**RECORD EXCERPTS:**
########################################
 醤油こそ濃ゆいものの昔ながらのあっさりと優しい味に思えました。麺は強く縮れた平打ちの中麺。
########################################
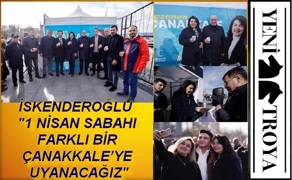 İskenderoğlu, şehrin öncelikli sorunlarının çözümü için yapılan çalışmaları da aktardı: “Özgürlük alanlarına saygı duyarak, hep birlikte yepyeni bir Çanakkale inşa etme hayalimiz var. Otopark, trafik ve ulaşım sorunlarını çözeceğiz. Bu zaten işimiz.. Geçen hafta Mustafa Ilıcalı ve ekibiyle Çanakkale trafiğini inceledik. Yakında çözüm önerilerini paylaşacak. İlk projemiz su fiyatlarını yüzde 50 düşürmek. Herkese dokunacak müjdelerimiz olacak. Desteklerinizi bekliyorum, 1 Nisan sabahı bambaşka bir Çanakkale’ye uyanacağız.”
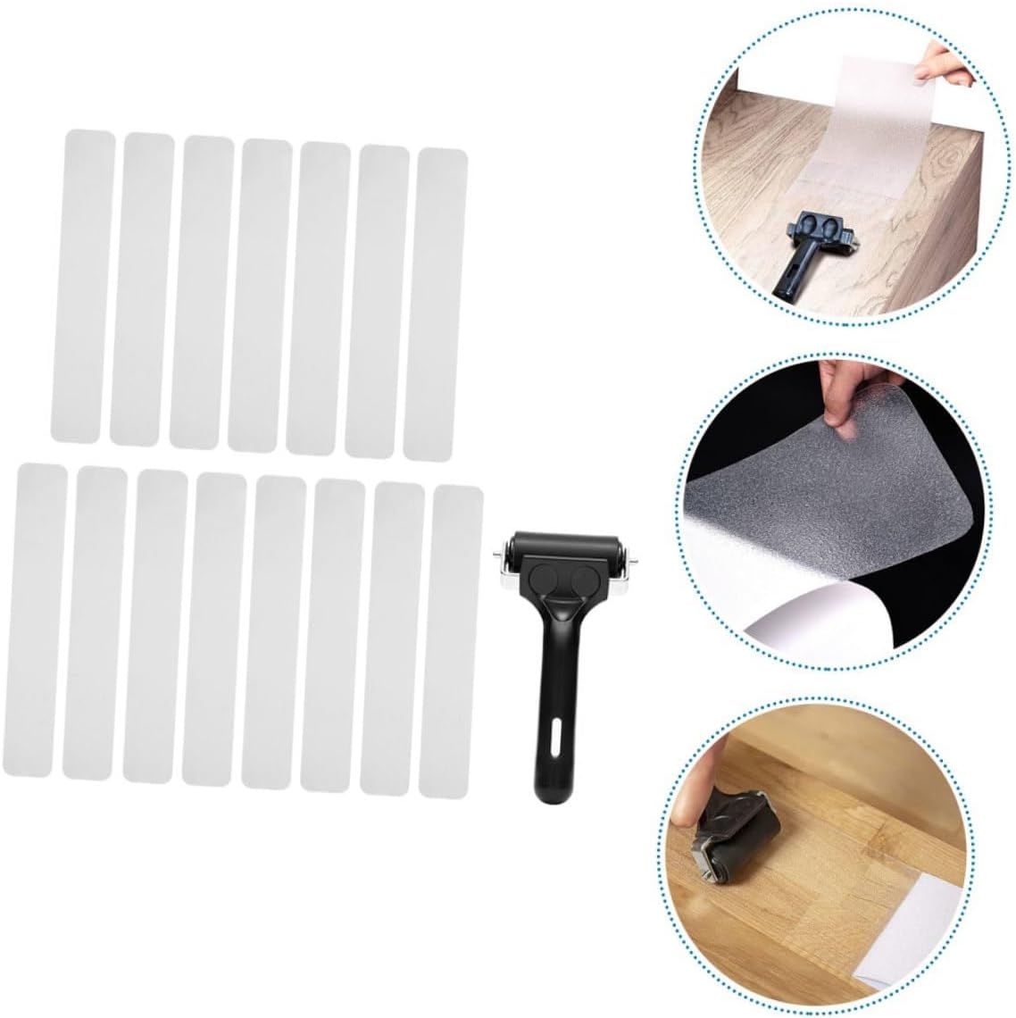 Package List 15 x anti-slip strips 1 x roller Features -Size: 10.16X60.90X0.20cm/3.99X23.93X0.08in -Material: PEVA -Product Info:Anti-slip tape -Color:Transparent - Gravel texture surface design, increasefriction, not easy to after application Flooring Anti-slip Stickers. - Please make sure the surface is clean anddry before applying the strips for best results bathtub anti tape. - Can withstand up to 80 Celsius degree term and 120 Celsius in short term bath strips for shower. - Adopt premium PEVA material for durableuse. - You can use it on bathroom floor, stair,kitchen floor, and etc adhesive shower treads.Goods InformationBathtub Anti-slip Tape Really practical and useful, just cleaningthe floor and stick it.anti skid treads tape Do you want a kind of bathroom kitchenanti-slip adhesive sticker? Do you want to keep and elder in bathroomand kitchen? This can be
########################################
**INSTRUCTIONS FOR THE TASK:**
Beginning with the line holding "İskenderoğlu, şehrin öncelikli" in the material above, restate word for word each line through the line holding "Package List 15", and exclude pictures.

**WRITTEN REPLY:**
 İskenderoğlu, şehrin öncelikli sorunlarının çözümü için yapılan çalışmaları da aktardı: “Özgürlük alanlarına saygı duyarak, hep birlikte yepyeni bir Çanakkale inşa etme hayalimiz var. Otopark, trafik ve ulaşım sorunlarını çözeceğiz. Bu zaten işimiz.. Geçen hafta Mustafa Ilıcalı ve ekibiyle Çanakkale trafiğini inceledik. Yakında çözüm önerilerini paylaşacak. İlk projemiz su fiyatlarını yüzde 50 düşürmek. Herkese dokunacak müjdelerimiz olacak. Desteklerinizi bekliyorum, 1 Nisan sabahı bambaşka bir Çanakkale’ye uyanacağız.”
 Package List 15 x anti-slip strips 1 x roller Features -Size: 10.16X60.90X0.20cm/3.99X23.93X0.08in -Material: PEVA -Product Info:Anti-slip tape -Color:Transparent - Gravel texture surface design, increasefriction, not easy to after application Flooring Anti-slip Stickers. - Please make sure the surface is clean anddry before applying the strips for best results bathtub anti tape. - Can withstand up to 80 Celsius degree term and 120 Celsius in short term bath strips for shower. - Adopt premium PEVA material for durableuse. - You can use it on bathroom floor, stair,kitchen floor, and etc adhesive shower treads.Goods InformationBathtub Anti-slip Tape Really practical and useful, just cleaningthe floor and stick it.anti skid treads tape Do you want a kind of bathroom kitchenanti-slip adhesive sticker? Do you want to keep and elder in bathroomand kitchen? This can be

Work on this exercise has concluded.